This arrangement makes it possible to transformer-couple the signal to the digital circuits outside the guard, allowing complete isolation of the measuring circuit itself.

Fig. 16. Block diagram combining features of resistance ratio and stable reference voltage.


The potentiometric integrating dvm combines the features of an integrating dvm and a form of differential voltmeter. (Differential voltmeters are discussed in later sections.) A conventional integrating dvm measures the true average of the input voltage over a fixed encoding time. A conventional differential voltmeter relies primarily on resistance ratios and a stable reference voltage to ensure accuracy.

It is possible to combine these two basic features, as shown in the block diagram of Fig. 1-6. Such a voltmeter is divided into three sections : a voltage-to-frequency (v/f) converter, a counter, and a digital-to-analog (d/a) converter. Readings are taken in two steps. First, the v If converter generates a pulse train with a rate proportional to the input voltage. This pulse train is gated for a precise time interval and is fed to the first four places in a six-digit counter. The stored (un-displayed) count is transferred to the d/a converter, which produces a highly accurate d-c voltage proportional to the stored count. This voltage is subtracted from the unknown voltage at the input to the v If converter.

The next step in operation occurs when the pulse train from the v If converter is again gated a second time going to the last two places in the six-digit counter. At the end of the second gate period the total count is transferred to the six display tubes. The counter display is indicative of the integral of the input voltage.


In addition to the all-electronic digital meters, there are a number of electromechanical units in current use. These can be classified into four general types-stepping switch, relay, analog-servo, and strobo-scoping.

Stepping-Switch Type

The stepping-switch instruments are of the comparison type in which a stepping-switch-operated voltage divider creates a feedback voltage equal to the input voltage (see Fig. 1-7). The two major differences between the various stepping-switch digital voltmeters are the sequence (logic) in which they develop the feedback voltage and whether the stepping switches are run dry or kept continuously lubricated by immersion in a bath of oil. The difference is extremely important. The proper type of logic ("scan" logic rather than "tracking" logic; see Glossary) and oil immersion can greatly increase instrument life. The "scan" logic also increases measuring speed and eliminates hunting, which is a disadvantage of the "tracking" instruments.

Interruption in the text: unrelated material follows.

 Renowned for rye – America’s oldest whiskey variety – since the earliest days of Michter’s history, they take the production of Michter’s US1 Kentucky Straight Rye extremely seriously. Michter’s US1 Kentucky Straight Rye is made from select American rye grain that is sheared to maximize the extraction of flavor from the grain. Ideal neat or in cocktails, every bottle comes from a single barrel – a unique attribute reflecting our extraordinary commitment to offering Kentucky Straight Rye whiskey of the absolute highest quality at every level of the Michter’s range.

More stepping-switch digital voltmeters have been produced than any other kind. They are low priced with respect to their accuracy, which is on the order of ±0.01 percent of full scale. They are simpler in construction than any other instrument in this accuracy class and are relatively simple to maintain, providing such features as plug-in stepping switches are incorporated.

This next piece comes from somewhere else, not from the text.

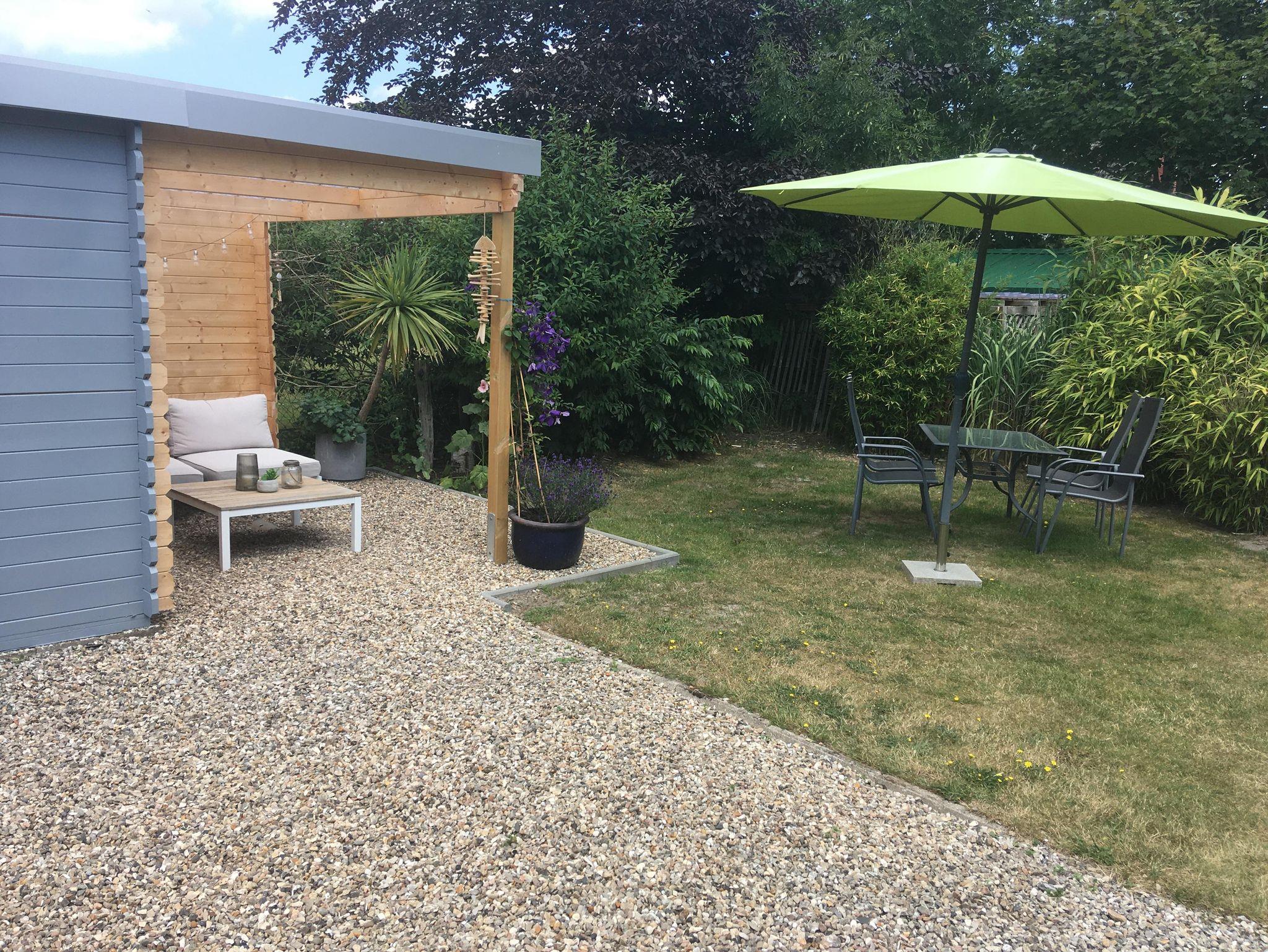 Der Garten mit Gartenmöbeln und Liegen lädt zum Erholen ein.

Fig. 1-7 Voltage divider for creating a feedback voltage equal to the input voltage.

The average time per measurement of a four-digit instrument with tracking logic is 1.0 second compared with 1.9 seconds maximum for a four-digit instrument with scan logic. An advantage of the stepping switch type of instrument is that electrically isolated digital outputs in contact-closure form are obtained by adding another deck to each stepping switch.

Relay Type

The relay-type instruments are comparison units in which a relay operated voltage divider creates a feedback voltage equal to the input (Fig. 1-7). Relay-type digital voltmeters are capable of higher speed than the stepping-switch type since the relays can be operated at a higher speed (100 steps per second rather than 30 steps per second). They can be operated in any sequence (in a stepping switch, the switching sequence is fixed). Some relay-operated instruments make three measurements per second, which compares favorably with the speed of some "all-electronic" instruments having automatic ranging.

Analog-Servo Type

In the analog-servo type of instrument a feedback voltage is created by a motor-driven variable resistance (potentiometer). Its functional diagram (Fig. 1-8) resembles that of a servo system used for positioning an output shaft (position servo). That is, a balance detector compares the input and feedback voltages and issues commands which are amplified to drive the motor. The motor drives the variable resistance in the proper direction to make the feedback voltage equal to the input. When the feedback and input voltages are equal, the balance-detector output voltage ideally drops to zero, and the motor stops. Voltage readout is in terms of motor shaft position and is displayed by a calibrated drum or several numbered drums, each geared to the adjacent drum by a mechanical transmission having a 10: 1 drive ratio.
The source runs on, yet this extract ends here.